MATE: Masked Autoencoders are Online 3D Test-Time Learners (ICCV 2023)

MATE is the first 3D Test-Time Training (TTT) method which makes 3D object recognition architectures robust to distribution shifts which can commonly occur in 3D point clouds. MATE follows the classical TTT paradigm of using an auxiliary objective to make the network robust to distribution shifts at test-time. To this end, MATE employs the self-supervised test-time objective of reconstructing aggressively masked input point cloud patches.

In this repository we provide our pre-trained models and codebase to reproduce the results reported in our paper.


PyTorch >= 1.7.0 < 1.11.0  
python >= 3.7  
CUDA >= 9.0  
GCC >= 4.9  

To install all additional requirements (open command line and run):

pip install -r requirements.txt

cd ./extensions/chamfer_dist
python setup.py install --user

cd ..

cd ./extensions/emd
python setup.py install --user
pip install "git+https://github.com/erikwijmans/Pointnet2_PyTorch.git#egg=pointnet2_ops&subdirectory=pointnet2_ops_lib"
pip install --upgrade https://github.com/unlimblue/KNN_CUDA/releases/download/0.2/KNN_CUDA-0.2-py3-none-any.whl

Data Preparation

Our code currently supports three different datasets: ModelNet40, ShapeNetCore and ScanObjectNN.
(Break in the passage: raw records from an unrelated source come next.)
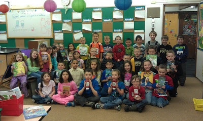 She then sent us this wonderful photo, and gave me permission to post it. It is her class holding up not only the three ketchups but also books by we three authors.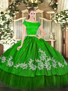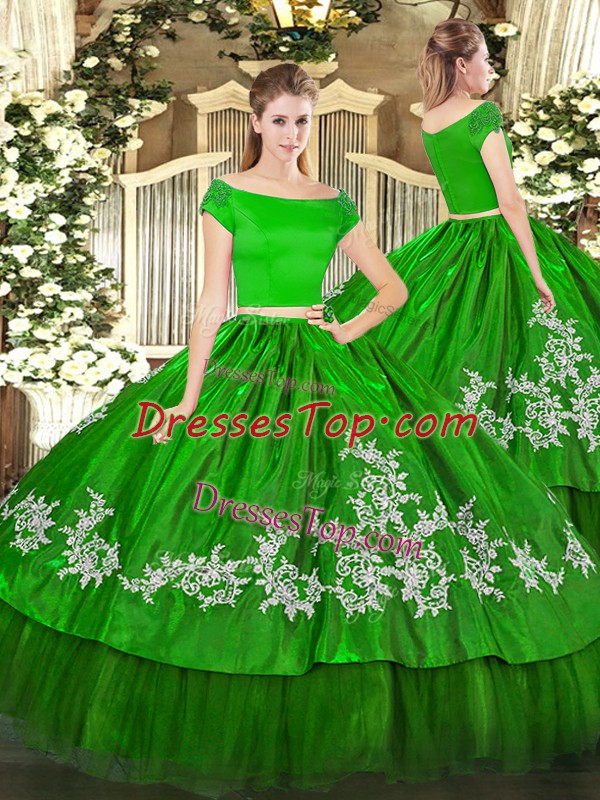 On Sale Green Short Sleeves Embroidery Floor Length Quinceanera Dress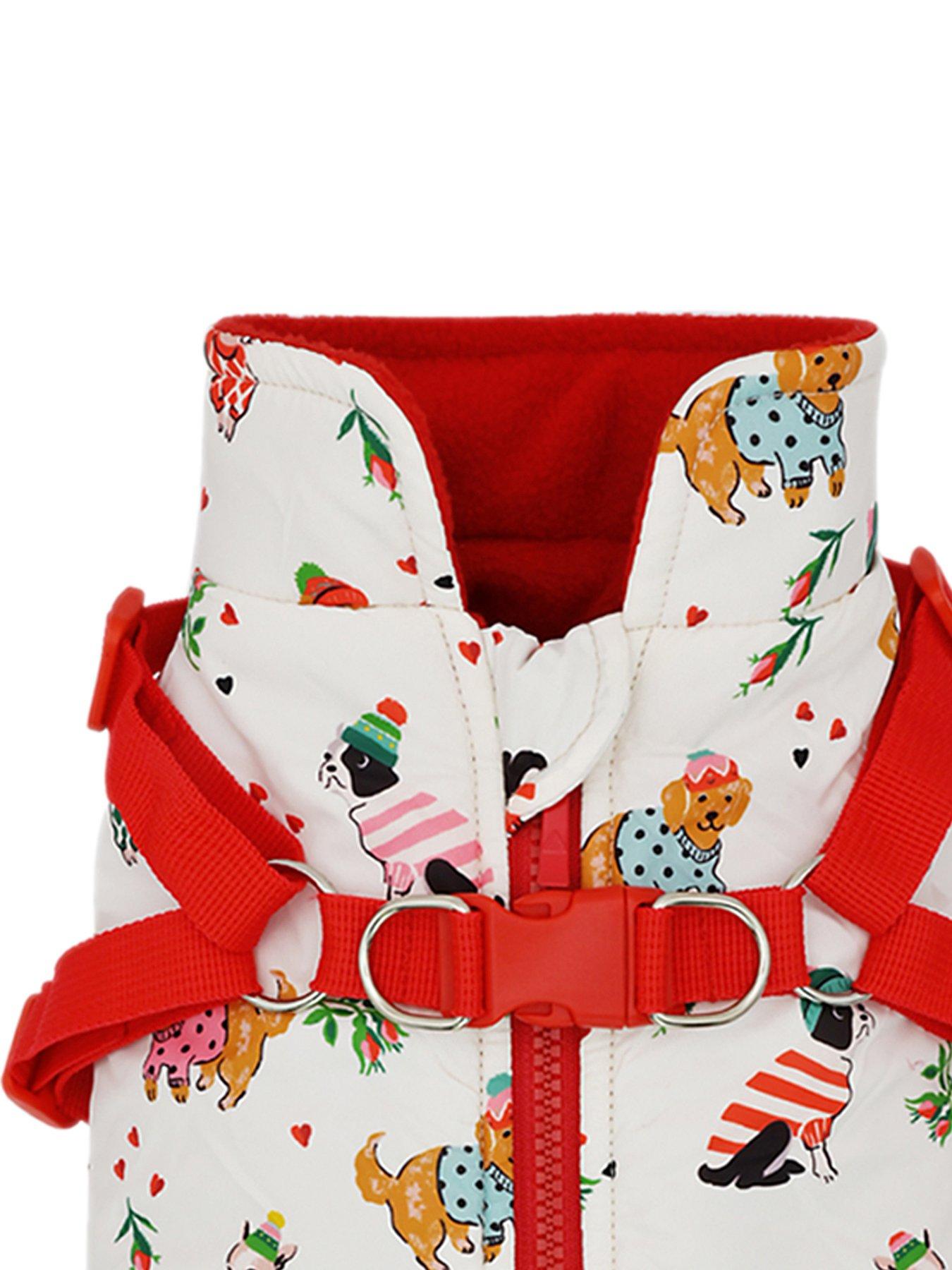 Cath Kidston Dogs & Roses Coat & Harness - stylish and super cosy!Ensure your dog stays warm and dry this season with the delightful Cath Kidston Dogs & Roses Coat & Harness. Featuring an adorable print with playful pups, this cosy coat brings festive spirit to every winter walk.Made with a soft polar fleece lining, this jumper provides gentle warmth, making it ideal for chilly walks or snug evenings indoors. The water-resistant outer layer offers protection against cold winds and light rain. The elasticated armholes and zip fastening ensure a comfortable, flexible fit, allowing your dog to move freely while staying stylish and cosy. Plus, the built-in harness adds convenience - simply attach the lead, and you're good to go. Practical as well as stylish, this coat is machine washable for easy care after every adventure. As with all pet products, regular checks for wear and tear are recommended to maintain quality and ensure your pet's comfort. Back Length: 41cm - perfectly sized for large dogs Wash & Care:

To use these datasets with our code, first download them from the following sources:

Then, extract all of these folders into the same directory for easier use.

Adding corruptions to the data

To add distribution shifts to the data, corruptions from ModelNet40-C are used.
For experiments on corrupted ModelNet data, the ModelNet40-C dataset can be downloaded here.
Compute the same corruptions for ShapeNetCore and ScanObjectNN, if needed.

python ./datasets/create_corrupted_dataset.py --main_path <path/to/dataset/parent/directory> --dataset <dataset_name>

Replace <dataset_name> with either scanobjectnn or shapenet as required.

Note that for computation of the corruptions "occlusion" and "lidar", model meshes are needed. These are computed with the open3d library.

Obtaining Pre-Trained Models

All our pretrained models are available at this Google-Drive.

The jt models are jointly trained for reconstruction and classification, src_only models are trained for only the classification task.

Test-Time-Training (TTT)

Setting data paths

For TTT, go to cfgs/tta/tta_<dataset_name>.yaml and set the tta_dataset_path variable to the relative path of the dataset parent directory.
E.g. if your data for ModelNet-C is in ./data/tta_datasets/modelnet-c, set the variable to ./data/tta_datasets.

A jointly trained model can be used for test-time training by:

CUDA_VISIBLE_DEVICES=0 python ttt.py --dataset_name <dataset_name> --online --grad_steps 1 --config cfgs/tta/tta_<dataset_name>.yaml --ckpts <path/to/pretrained/model>

This will run the TTT-Online (for one gradient step).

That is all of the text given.